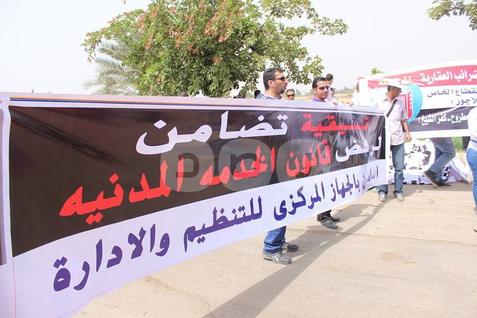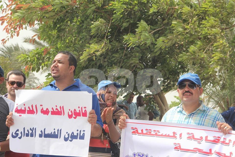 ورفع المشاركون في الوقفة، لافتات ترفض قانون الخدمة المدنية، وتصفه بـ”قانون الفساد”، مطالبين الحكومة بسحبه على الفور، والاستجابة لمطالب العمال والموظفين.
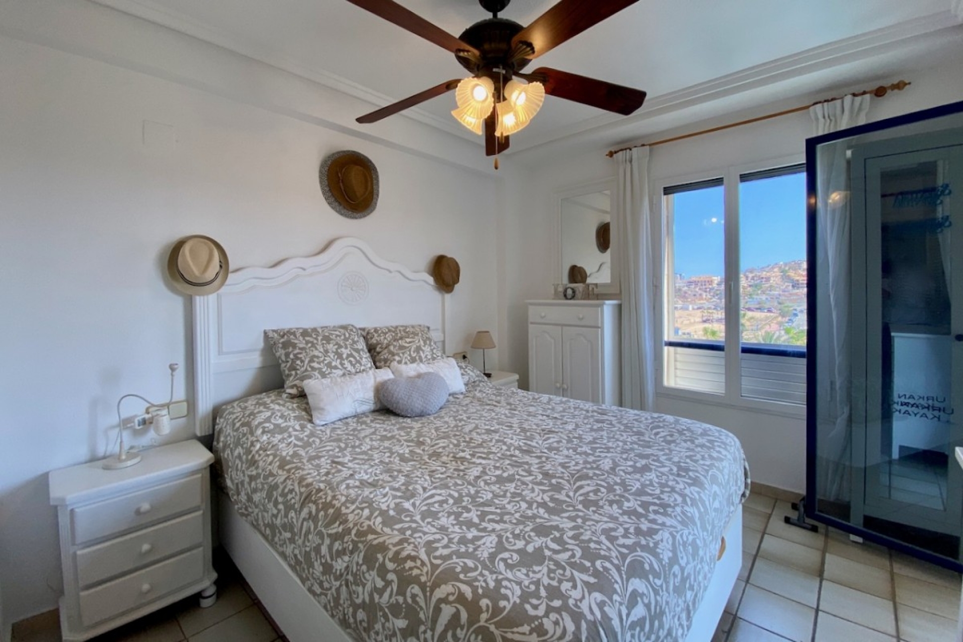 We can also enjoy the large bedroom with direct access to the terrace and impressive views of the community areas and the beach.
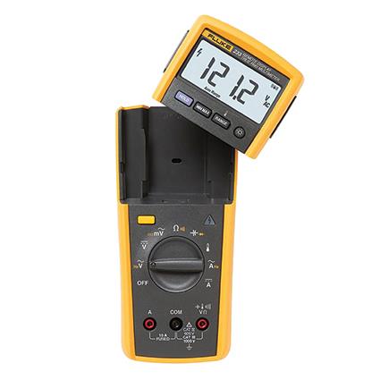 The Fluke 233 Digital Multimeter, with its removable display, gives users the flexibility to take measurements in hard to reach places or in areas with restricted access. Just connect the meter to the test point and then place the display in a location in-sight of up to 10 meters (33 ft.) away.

* * *

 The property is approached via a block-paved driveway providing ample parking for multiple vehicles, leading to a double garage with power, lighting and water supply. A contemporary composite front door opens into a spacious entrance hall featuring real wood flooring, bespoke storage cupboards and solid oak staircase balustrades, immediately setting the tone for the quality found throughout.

==

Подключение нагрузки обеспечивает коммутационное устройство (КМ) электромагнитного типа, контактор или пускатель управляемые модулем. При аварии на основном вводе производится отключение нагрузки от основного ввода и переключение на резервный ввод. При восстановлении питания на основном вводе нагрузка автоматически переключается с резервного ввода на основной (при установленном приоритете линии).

*WORK INSTRUCTIONS*:
The line holding "We can also" starts the copy and the line holding "The Fluke 233" ends it. Repeat those two lines above and all between them exactly, leaving out pictures.

*OUTPUT FOR THIS TASK*:
 We can also enjoy the large bedroom with direct access to the terrace and impressive views of the community areas and the beach.
 The Fluke 233 Digital Multimeter, with its removable display, gives users the flexibility to take measurements in hard to reach places or in areas with restricted access. Just connect the meter to the test point and then place the display in a location in-sight of up to 10 meters (33 ft.) away.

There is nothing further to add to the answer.